The Norwegian police agency Økokrim has announced the seizure of $5.84 million worth of cryptocurrency, which was stolen by the Lazarus Group in March 2022 after the Axie Infinity Ronin Bridge hack.
The Oslo-based crime-fighting unit stated that this case highlights its capacity to trace the money trail on the blockchain, even when criminals use advanced methods. It took over 10 months after the US Treasury Department implicated the North Korea-backed hacking group for stealing $620 million from the Ronin cross-chain bridge before this development.
In September 2022, the US government also announced the recovery of over $30 million worth of cryptocurrency, representing 10% of the stolen funds. Working with international law enforcement partners, Økokrim pieced together the money trail, making it more difficult for criminals to carry out money laundering activities.

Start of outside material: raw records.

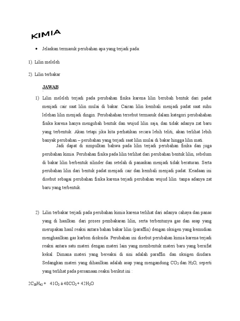 DOC) PERUBAHAN PADA PEMBAKARAN LILIN | Monika Tiara - Academia.edu
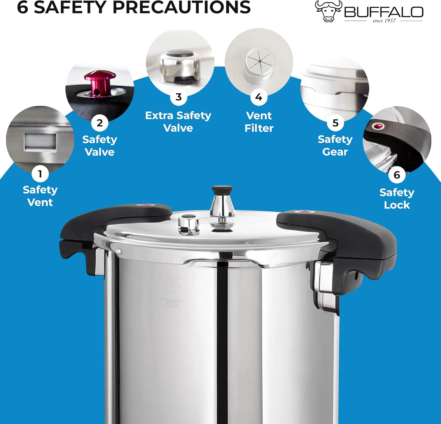 Buffalo Pressure Cooker 21 Qt Stainless Steel - Large Canning Pot with Lid for Home, Commercial Use - Easy to Clean Any Stove Top Pressure Canner, Can Cooker - SG Certificate QCP420
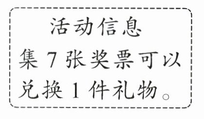 可以兑换 3 件礼物,还剩 2 张奖票。$7 - 2 = 5$ (张)
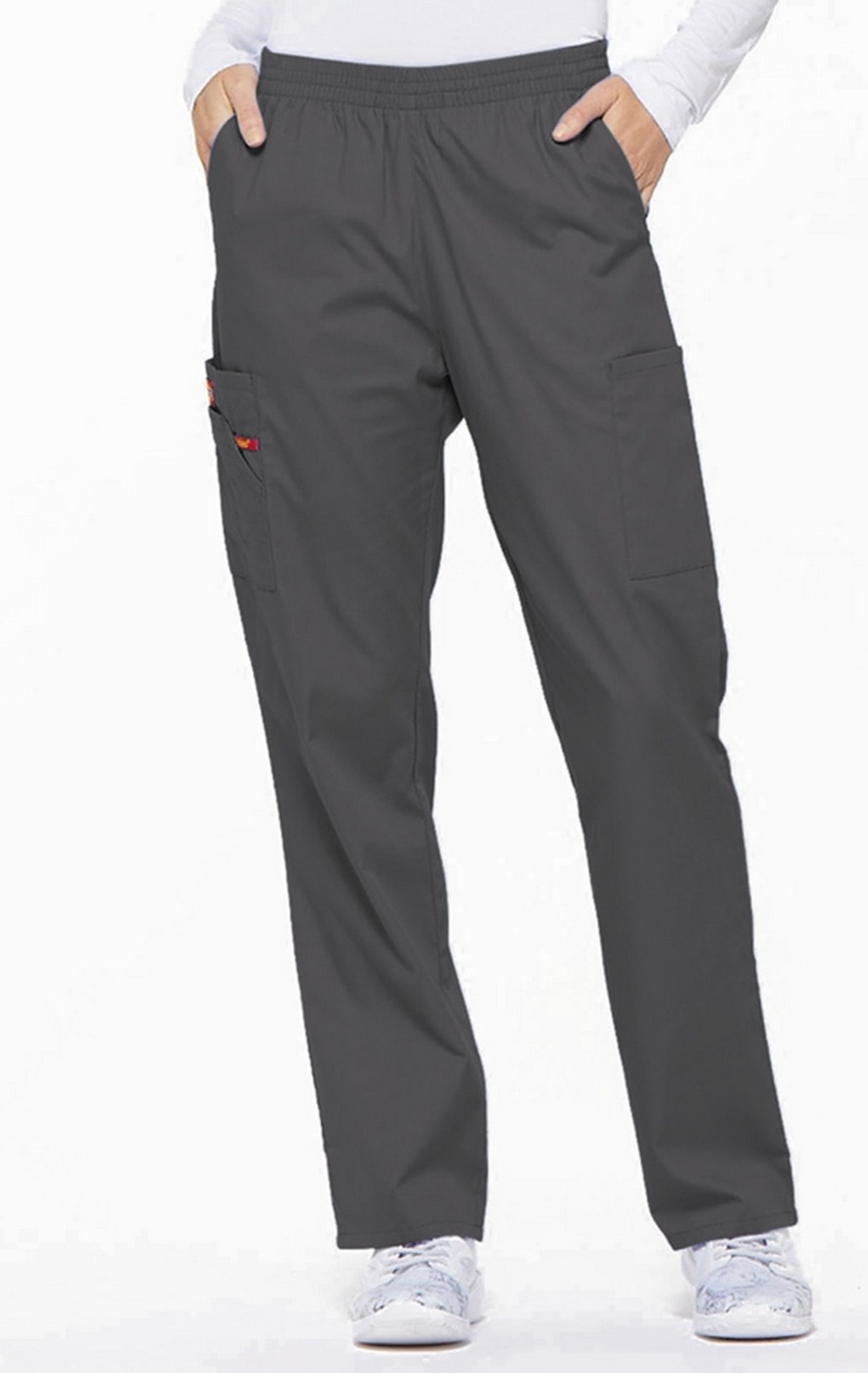 A modern classic fit, natural rise, tapered leg, pull-on pant features an all around elastic waistband with a Dickies logo twill tape on the inside back waistband and has an instrument loop on the right cargo pocket. Also featured are front angled pockets and cargo pockets with a stretch Red knit interior pocket (White knit pocket on White).

The agency added that this money can support North Korea and its nuclear weapons program; therefore, it was important to track the cryptocurrency and stop the criminals from withdrawing it in physical assets.
Crypto exchanges Binance and Huobi froze accounts containing around $1.4 million in digital currency, which originated from the June 2022 hack of Harmony’s Horizon Bridge. This attack, also blamed on the Lazarus Group, enabled the threat actors to launder some of the proceeds through Tornado Cash, sanctioned by the US government in August 2022.
Blockchain analytics firm Elliptic revealed that the stolen funds remained dormant until recently when investigators began to see them funneled through complex chains of transactions to exchanges. What’s more, there are indications that Blender, another cryptocurrency mixer that was sanctioned in May 2022, may have resurrected as Sinbad, laundering nearly $100 million in Bitcoin from hacks attributed to the Lazarus Group.
According to the company, funds siphoned after the Horizon Bridge heist were laundered through a complex series of transactions involving exchanges, cross-chain bridges, and mixers.
In the two-month period ranging from December 2022 to January 2023, the nation-state group has sent a total of 1,429.6 Bitcoin worth approximately $24.2 million to the mixer, Chainalysis revealed. The evidence that Sinbad is “highly likely” a rebrand of Blender stems from overlaps in the wallet address used, their nexus to Russia, and commonalities in the way both mixers operate.
Despite Sinbad’s creator claiming it to be a legitimate privacy-preserving project, the mixer has been used primarily to launder proceeds of hacks perpetrated by the Lazarus Group.
The findings arrive as healthcare entities are in the crosshairs of a new wave of ransomware attacks orchestrated by the Lazarus actors to generate illicit revenue for the sanctions-hit nation. Profits made from these financially motivated attacks fund other cyber activities, including spying on the defense sector and defense industrial base organizations in South Korea and the US.
The law enforcement actions have not yet put a dampener on the threat actor’s prolific attack spree, which continues to evolve with new behaviors. This includes a wide range of anti-forensic techniques designed to erase traces of intrusions and obstruct analysis, according to a recent report by AhnLab Security Emergency Response Center (ASEC).